Measure it from one side of the 13" mark


----------



## Builder Bob (Jun 26, 2012)

how loose is the tab on the tape measure.......??


----------



## tmurray (Jun 26, 2012)

Like ICE said you should never use the first couple inches of a tape measure if you need it to be very accurate as the end tab has a tendency to move.


----------



## Doorman (Jun 26, 2012)

_"...as the end tab has a tendency to move."_

Yes, the hook of a steel rule moves the thickness of the hook.


----------



## Doorman (Jun 26, 2012)

A 1/2" anchor bolt has a major diameter of 1/2"

A quick and easy measuring aid is a 'Sharpie' marking pen.  These are (close enough for this exercise) 3/8 of an inch on the smaller end of the reservoir, and 1/2 inch diameter at the fattest part.


----------



## Big Mac (Jun 26, 2012)

If it is new, it should only move the thickness of the hook.  However, over time those holes elongate and the movement becomes larger making measurements inaccurate.  A better rule of thumb is to use a section of tape not affected by the movement of the end tab or hook.


----------



## jmc (Jun 26, 2012)

measured elsewhere on the tape measure, it's exactly 7/16".


----------



## mtlogcabin (Jun 26, 2012)

They do make 3/8" anchor bolts. The code does not allow them but I assume an engineer could spec them with his/her design

http://www.grainger.com/Grainger/WESTWARD-Anchor-Bolt-11K382?cm_mmc=PJX:3578-_-category_program-_-WESTWARD11K382AnchorBolt,lHook,3/8-16,6InL,pk2511K382-_-productfeed


----------



## mtlogcabin (Jun 26, 2012)

Is it a 7/16 nut or 1/2 inch is the easiest way to tell. You won't get a 1/2" thread on a 7/16" shaft without it being vary obvious.


----------



## mark handler (Jun 26, 2012)

You can get anchor bolts 1/4" to 4"

7/16 14X12 ANCHOR BOLT http://www.tristatefast.com/detail.aspx?item=AB07C192G&id=-271


----------



## High Desert (Jun 26, 2012)

The movement of the end tab compensates for when you measure butting your tape versus hooking your tape. When you hook it it moves the thickness of the tab and when you butt it, it moves back. That's why they slide. It has to compensate for the thickness of the tab.


----------



## Mark K (Jun 26, 2012)

Anchor bolts are measured using the diameter where there is no threads.  What can confuse the issue is that some bolts have the threads rolled while others have cut threads. With a rolled thread the diameter of the unthreaded portion is slightly less than the diameter of a bolt with cut threads.
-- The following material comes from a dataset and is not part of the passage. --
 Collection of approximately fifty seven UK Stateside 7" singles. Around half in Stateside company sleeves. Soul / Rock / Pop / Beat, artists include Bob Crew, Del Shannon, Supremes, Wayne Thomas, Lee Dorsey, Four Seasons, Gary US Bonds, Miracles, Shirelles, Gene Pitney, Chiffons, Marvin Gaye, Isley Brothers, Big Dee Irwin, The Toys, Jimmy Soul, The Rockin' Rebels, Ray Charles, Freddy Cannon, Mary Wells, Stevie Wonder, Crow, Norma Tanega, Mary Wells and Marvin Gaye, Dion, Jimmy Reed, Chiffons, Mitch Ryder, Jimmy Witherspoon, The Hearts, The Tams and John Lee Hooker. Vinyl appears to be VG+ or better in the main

My belief is that any code provisions were developed in the context of cut threads.  Thus would be inclined not to accept rolled threads unless bolt was up sized or the design professional determined that there was no problem.


----------



## Mule (Jun 27, 2012)

What's a 1/16 of an inch among friends? Hey.. close enough for government work... Always hated that saying!


----------



## Frank (Jun 27, 2012)

Mule said:
			
		

> What's a 1/16 of an inch among friends? Hey.. close enough for government work... Always hated that saying!
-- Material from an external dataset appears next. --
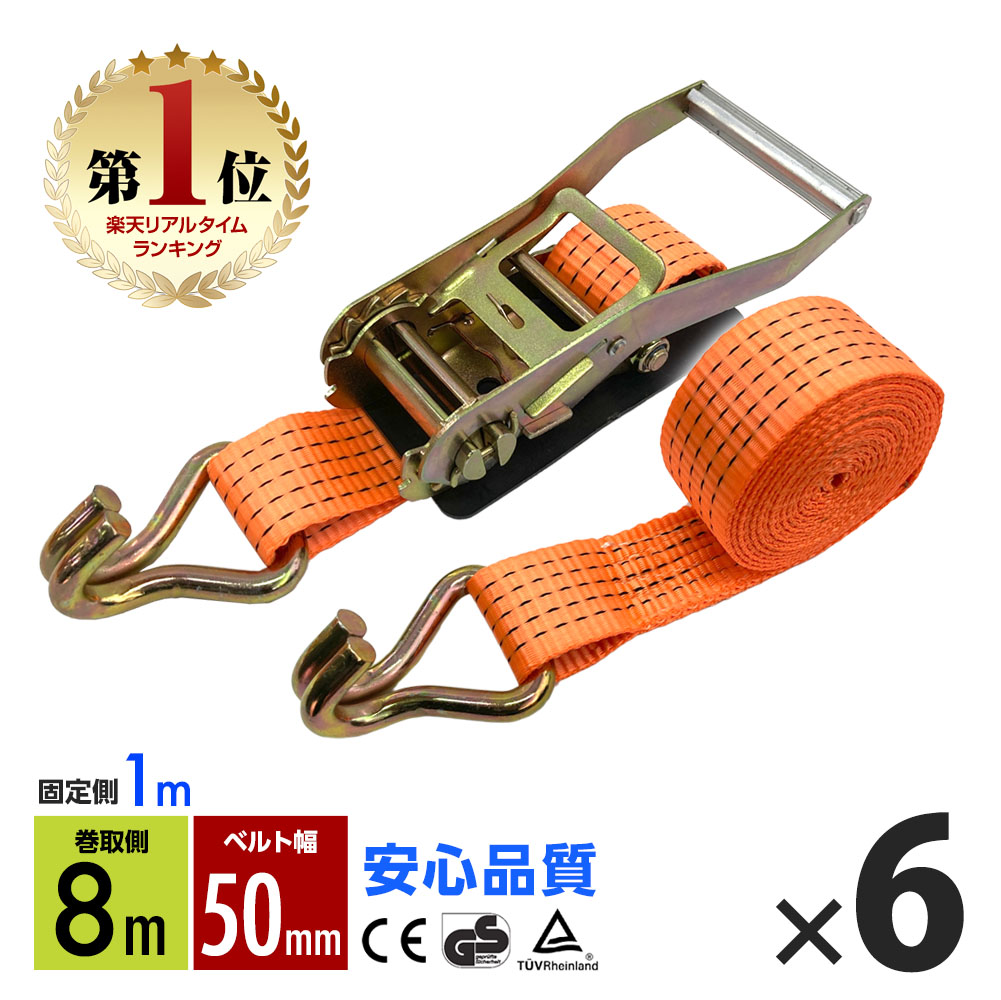 ラッシングベルト フック トラック 幅 50mm ラチェットベルト ラチェット式 固定側1m 巻側8m 荷重4000kg タイダウンベルト 6本set 1年保証

About a 24% reduction in cross section of the bolt


----------



## jmc (Jun 28, 2012)

so the contractor brought in a new box of bolts. measuring the nonthreaded area of the bolt with three separate tape measures, they all hit exactly on 7/16".


----------



## KZQuixote (Jun 28, 2012)

I've a box of 5/8" anchor bolts out in my shop. They've rolled 5/8" threads with a shank that measures .560". I've had them for ten or more years.

Bill


----------